В те же весенние дни в далёкую романовскую деревушку привезли на телеге мужика-колодника, которого на Варварке в Москве, на романовском же подворье, видел монах Григорий Отрепьев. Глаза в глаза глянули они тогда друг другу, и у мужика зарубкой в памяти осталась чёрная ворона с боярского крыльца. Но на том пути их до времени разошлись.
У избы деревенского приказчика колодку с мужика кое-как сбили и толкнули сердягу к дверям.
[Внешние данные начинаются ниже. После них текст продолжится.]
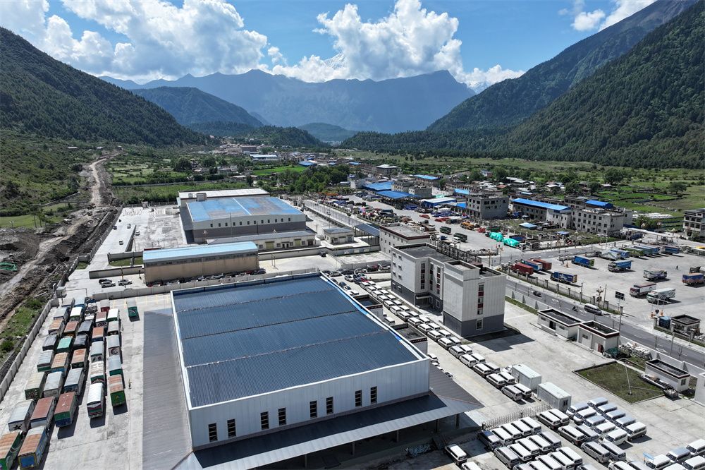 2025年5月25日,随着边境贸易的发展,西藏吉隆沟达曼村附近的物流园区已具规模。(图片来源:中新社)

— Иди, иди! — шумнул, засовывая за кушак плеть, привёзший его здоровенный дядя с рябым лицом. — Иди!
Мужик зло ощерился и оборотился было к нему, но, знать, так намаялся, что сил не хватило огрызнуться, молча шагнул через порог. Да неловко шагнул зашибленными ногами, зацепил каблуком за щербатую плаху. Кривя рот, помыслил: «Ишь спотыкаюсь. Примета недобрая».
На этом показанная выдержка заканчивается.